Tottenham do not build their attacking play around Eriksen, however. With Tottenham, his role is drifting inside, slightly on the periphery of the action, and playing clever through-balls into onrushing attackers. In a sense he’s slightly sidelined.
The reason, of course, is that Tottenham can also count upon the precious talent of Dele Alli, another brilliant attacking midfielder, but yet another completely different type of playmaker. Alli is more of a space invader than a creator, someone who looks to cause havoc with his late running in beyond lone striker Harry Kane, rather than someone who drops deep into midfield to dictate play. Indeed, while sometimes fielded deeper in midfield or occasionally out on the left by Pochettino in his first Spurs campaign, Alli has been shifted increasingly farther up the pitch, and into zones where he essentially has become a second striker.
Of course, the combination of Eriksen and Alli’s different styles was precisely what allowed Tottenham to unlock Chelsea’s defence the last time they met, in Tottenham’s comprehensive 2-0 victory back in January, when Conte’s side had previously looked almost unbeatable.
Pochettino replicated Conte’s 3-4-3 system, used Eriksen drifting inside from the right and Alli storming forward from the left. Spurs’ two goals were almost identical; Eriksen exploited the space in front of Gary Cahill, dinked a cross over the Chelsea defence for Alli, who rose above Cesar Azpilicueta to head home. It’s rare to see two such similar goals in the same game, although that combination isn’t necessarily representative of Spurs’ play. Eriksen has assisted Alli on only one other occasion this season but has set up both Harry Kane and Son Heung-Min for goals on four occasions each.
The key to Saturday’s semifinal will probably be about how often the sides can work the ball into these players between the lines. Neither are blessed with much outright creativity in conventional midfield positions, with the pairings of N’Golo Kante and Nemanja Matic, and Victor Wanyama and Mousa Dembele, largely being about mobility, physicality and ball-winning quality rather than incision. Indeed, it’s arguably that there’s more ball-playing expertise from David Luiz and Jan Vertonghen.

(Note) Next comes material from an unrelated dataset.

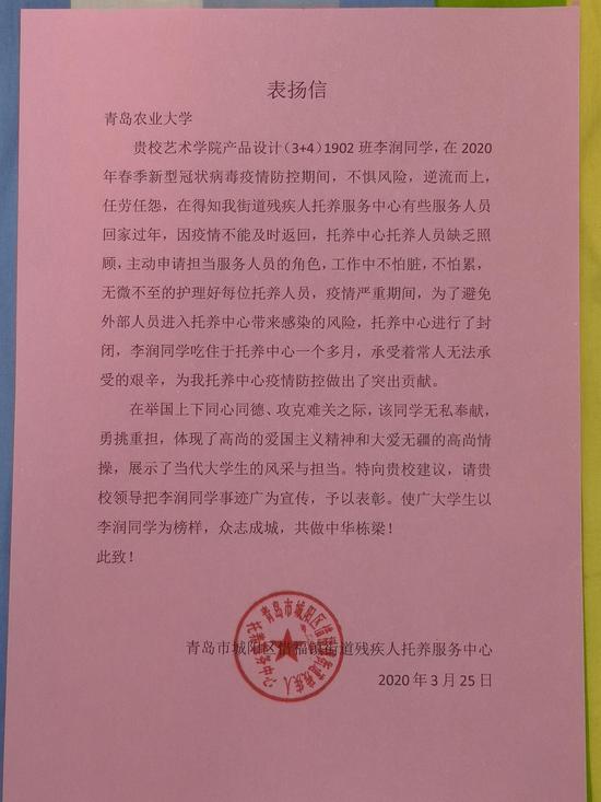 关注3月25日,青岛农业大学艺术学院收到青岛市城阳区惜福镇街道残疾人托养中心发来的感谢信,对学院产品设计(3+4)1901班李润同学疫情期间在托养中心一个多月照顾托养人员的行为表示感谢。

Therefore, it may largely be about spatial awareness and footballing intelligence from the aforementioned four playmakers — how much can they get on the ball and influence the game? On the back of Hazard’s inability to escape man-marking at Old Trafford last week, the sense that Tottenham’s defence is a currently a tighter unit than Chelsea’s, and the cleverness of Spurs’ two goals against Chelsea last time, Pochettino’s side might well be favourites.